Event

Brain to Society: Decision and Behavior Seminar Series with Dr. Kennon Sheldon

Wednesday, May 5, 2021 11:00to13:00
Price: 
Free

Sailing the ghost ship: The case for radical free will

Dr. Kennon Sheldon

Dr. Kennon Sheldon is a professor of Psychological Sciences at the University of Missouri, USA. He received his B.S. in psychology from Duke University in 1981 and his Ph.D. in social/personality psychology from the University of California, Davis in 1992. He is known for his research on well-being, motivation, and goals. His prominent research questions include “Can happiness go up, and then stay up?”, “Can people be helped to pick life-goals that better express their developmental potentials?” and “how can the concept of personal agency be reconciled with the concept of a deterministic universe?” He is the prolific author of more than 200 academic articles and book chapters. He is also the author of Optimal Human Being: An Integrated Multi-level Perspective, and Self-determination Theory in the Clinic: Motivating physical and mental health, and he has written and edited several other academic books such as Stability of Happiness: Theories and Evidence on Whether Happiness can Change, and Designing Positive Psychology: Taking Stock and Moving Forward.
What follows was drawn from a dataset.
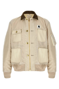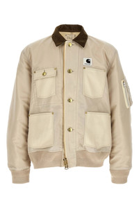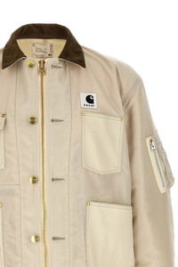 cod. 2603990M199 Sacai x Carhartt WIP 'Duck' jacket in 12oz Dearborn cotton canvas and tone-on-tone nylon twill with contrast corduroy collar, logo patch and front zip and button closure, pockets, long sleeves with stretch ribbed knit cuffs and dropped shoulder, stretch ribbed knit band on the hem. Lining. Color: Beige Size & Fit: Comfort fit Composition: 100% nylon Made in: Japan PROMO CODE NOT APPLICABLE

He has been the recipient of several prestigious prizes and awards in psychology, and was named one of the 20 most cited social psychologists in 2010 (controlling for career stage; Nozek et al., PSPB).

About the presentation

I will summarize my forthcoming book (Basic Books). The argument for free will depends on the irreducible top-down effects of successively higher levels of organization within the universe, including mental in-tentions, operating at the personality level. Selection among intentions is made by the symbolic self, which is the highest-level control process in the brain, and which is observable as Default Mode Network functioning. The symbolic self, located in system 2, partially directs its own mind and is a complex momentary synthesis of narrative, biological, and situational information. This moving synthesis is highly creative and its choices can never be fully predicted in advance by any scientific model (another argument for free will). Nevertheless, appropriate multi-level models might come clos-er and closer, especially with the future help of artificial intelligence models that have access to peoples’ thoughts and feelings as well as their bodily condition. I will argue that the real question is not “are we free?” but rather, “can we use our radical freedom wisely, i.e. in service of our own and others’ thriving? ”

Panel Discussion

A panel will follow the presentation to advance precision convergence science in discussing how integra-tive multi-systems models of the self and decision making can be combined with computational approaches to studying human biology, brain and society to both (1) develop a deep and end-to-end understanding of all multiscale mechanism involved and (2) inform better targeted and more impactful self-management/professional practice/innovation/interventions/policy within and across sectors and jurisdictions underlying adaptive real world behavior and context. What we have called precision con-vergence for lifelong wellness and resilience in both health and disease conditions (concept paper here). The webinar is chaired by Prof. Laurette Dube, Chair and Scientific Director, McGill Centre for the Convergence of Health and Economic (MCCHE), and co-chaired by Dr. Gillian Bartlett, Associate Dean for Population Health and Outcomes Research at the School of Medicine at the University of Missouri.